Suggested Improvement:
## Example
The following Java class illustrates the inefficiency:
```java
public class StaticCallTest {
private static final int WARMUP_ITERATIONS = 20_000;
private static volatile int sink = 0;
public static void main(String[] args) {
StaticCallTest test = new StaticCallTest();
for (int i = 0; i < WARMUP_ITERATIONS; i++) {
test.testStaticCall(i);
}
}
private void testStaticCall(int iteration) {
foo();
foo();
bar();
}
public static void foo() {
sink += 1;
}
public static void bar() {
sink += 2;
}
}
```
## Compilation and Observation:
Compiled and inspected with:
```sh
java -XX:+UnlockDiagnosticVMOptions -XX:CompileCommand=compileonly,StaticCallTest.testStaticCall \
-XX:CompileCommand=print,StaticCallTest.testStaticCall -XX:+PrintRelocations \
-XX:-TieredCompilation -XX:-Inline StaticCallTest
```
The relocation section for the compiled testStaticCall method shows three static call relocations, each accompanied by its own trampoline_stub, even though two of them call foo():
```
relocInfo@0x0000e4c42c09eb92 [type=4(static_call) addr=0x0000e4c47bc48300 offset=36] | [destination=0x0000e4c47bcd1b40 metadata=0x0000000000000000] Blob::Shared Runtime resolve_static_call_blob
relocInfo@0x0000e4c42c09eb96 [type=4(static_call) addr=0x0000e4c47bc48310 offset=12] | [destination=0x0000e4c47bcd1b40 metadata=0x0000000000000000] Blob::Shared Runtime resolve_static_call_blob
relocInfo@0x0000e4c42c09eb9a [type=4(static_call) addr=0x0000e4c47bc48320 offset=12] | [destination=0x0000e4c47bcd1b40 metadata=0x0000000000000000] Blob::Shared Runtime resolve_static_call_blob
...
relocInfo@0x0000e4c42c09ebb2 [type=13(trampoline_stub) addr=0x0000e4c47bc483a0 offset=0 data=-16] | [trampoline owner=0x0000e4c47bc48300]
relocInfo@0x0000e4c42c09ebb8 [type=13(trampoline_stub) addr=0x0000e4c47bc483b0 offset=16 data=-20] | [trampoline owner=0x0000e4c47bc48310]
relocInfo@0x0000e4c42c09ebbe [type=13(trampoline_stub) addr=0x0000e4c47bc483c0 offset=16 data=-24] | [trampoline owner=0x0000e4c47bc48320]
```
This confirms that trampolines are not being shared between multiple call sites to the same static method.
# Suggested Improvement
Modify the C2 compiler to share trampoline stubs between static calls that resolve to the same callee method.
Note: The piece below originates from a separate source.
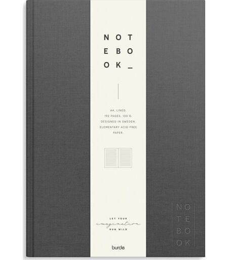 Burde Notesbog Tekstil A4 Linj. Mørkegrå
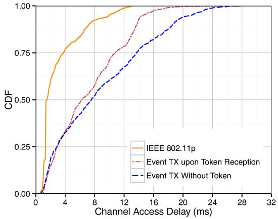 Figure 6 shows the channel access delay for IEEE 802.11p and our protocols. As expected, IEEE 802.11p achieves better performance compared to our methods in terms of delay since 802.11p allows immediate access to the channel as soon as it is idle. Instead, for the “event tx upon token reception” method, a vehicle carrying an event-driven message to send must wait for the token before transmitting or relaying. However, the maximum delay achieved by our protocol never exceeds 20 ms, thereby meeting the required delay bound for safety applications [27]. In contrast to single-hop broadcasting, the “event tx without token” method shows a longer channel access delay than the “event tx upon token reception” method due to the high traffic load by forwarding messages. In the “event tx without token” method, after any event-driven message reception, all platoon members attempt to forward such message using CSMA much like with IEEE 802.11p. Therefore, the probability of collision is increased, which also leads to increased channel access time.

Since the relocation target for all static calls is initially set to the static call resolver stub, the call's target alone cannot be used to distinguish between different static method calls. Instead, trampoline stubs should be shared based on the actual callee.
## On optimized virtual calls
There may also be an opportunity to generalize this optimization to optimized virtual calls. However, this requires further investigation, particularly into how such calls are resolved and what metadata is available at compile time to facilitate safe trampoline sharing.